I have some fragrant spearmint growing outside. I'm going to put a sprig in Waldo's Mead and see how it is. You have a good idea there. Would you leave some of the leaves whole in there for effect??!!! I'll be looking foward to seeing how it is going for you!!!


Ramona


----------



## rgecaprock (Aug 1, 2008)

*After that Marriage of the Honey and Lime......I'm ready for a Honeymoon!!!!*


----------



## JWMINNESOTA (Aug 2, 2008)

Waldo, I made three batches awhile back, lime, orange, and lemon. I do think the lime will be a fav. Great label too!


----------



## smurfe (Aug 2, 2008)

rgecaprock said:


> Smurfe,
> 
> 
> I have some fragrant spearmint growing outside. I'm going to put a sprig in Waldo's Mead and see how it is. You have a good idea there. Would you leave some of the leaves whole in there for effect??!!! I'll be looking foward to seeing how it is going for you!!!
> ...




Ramona, I don't think I would leave the leaves in after fermentation for effect as they would look just plain nasty.
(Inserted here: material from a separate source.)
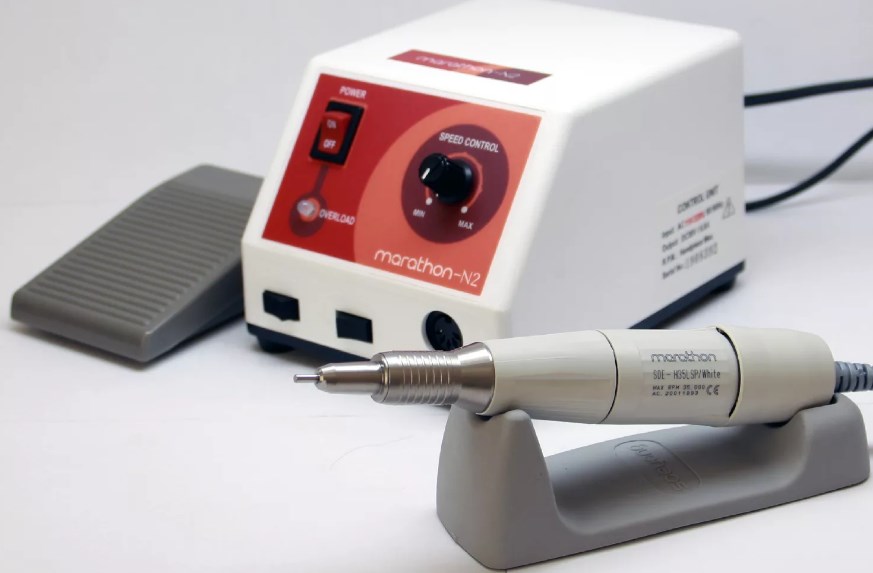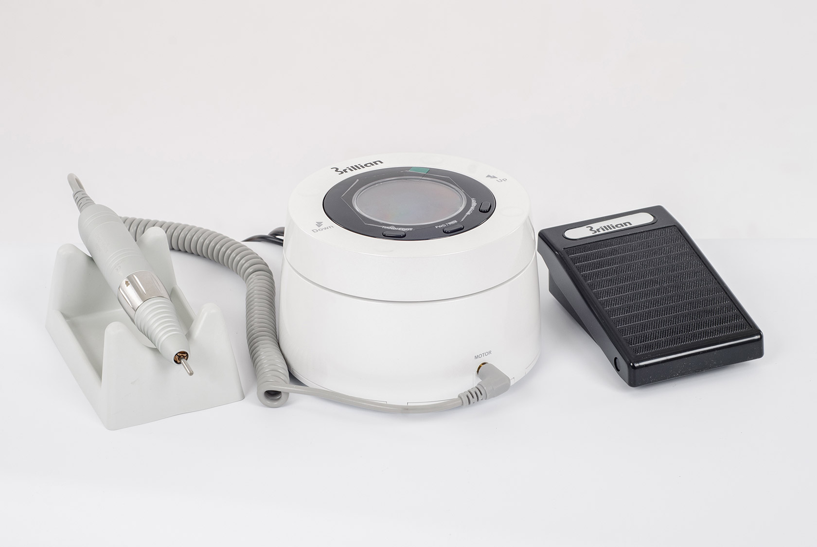Eines der neusten Geräte kommt noch aus Südkorea. Ins Auge fällt ein interessantes und stylisches Gehäusedesign, das sich kategorisch von allen bisherigen Modellen unterscheidet. Ein weiterer wesentlicher Unterschied ist das bürstenlose Design des Mikromotors des Handstücks, das den Verschleiß seiner Komponenten eliminiert und seine Lebensdauer erheblich verlängert. Bei anderen technischen Merkmalen fällt dieses Modell nicht besonders auf: Die Leistung beträgt 65 W, die Anzahl der Umdrehungen pro Minute beträgt 30.000.Am Körper befindet sich ein rundes Display, das den Betriebsmodus des Werkzeugs anzeigt. Die Maschine kann im manuellen und im Fußmodus arbeiten, für den zweiten ist ein Pedal im Kit enthalten.

If I were to add the mint to fermentation, I would remove after fermenting, filter and serve as normal with a fresh, whole leaf in the glass for visual effect.I have been wondering though if it wouldn't be better to just use a muddler and muddle the leaves in the glass and then pour the mead in the glass just like making a Mojito. I really have no idea how many mint leaves to add to a 5 gallon batch.


----------



## Waldo (Aug 3, 2008)

rgecaprock said:


> *After that Marriage of the Honey and Lime......I'm ready for a Honeymoon!!!!*




Did you try it Ramona?


----------



## JimCook (Aug 28, 2008)

Waldo,


Do you happen to have your recipe handy for this one?


- Jim


----------



## PolishWineP (Oct 11, 2008)

Waldo? Waaaalllllldooooo!? Are you there? I'd love to have this recipe too...


----------



## Waldo (Oct 11, 2008)

My recipe was:
*3lbs light honey
1 Campden tablet
1-1/2 tsp Yeast Nutrient
1/2 tsp Yeast Energizer
Juice from 2 Limes
*Zest from 2 Limes
1 pk Cotes Des Blancs Yeast


I grated the zest from the two limes, put it in a tea strainer thenI heated my honey, skimming foam off as it formed. After foaming had ended I added the juice and zest of the limes and let simmer for about another 5 minutes. 
I le this cool down, added to primary with water to bring level to 1 gallon plus about2 cups and added Yeast Nutrient and Energizer.
Ithen added the Campden tab and let it set for about 12 hours.
I made a yeast starter and then pitched it to the must.


----------



## uavwmn (Jan 16, 2009)

Waldo, I went back a few threads and found this recipe. 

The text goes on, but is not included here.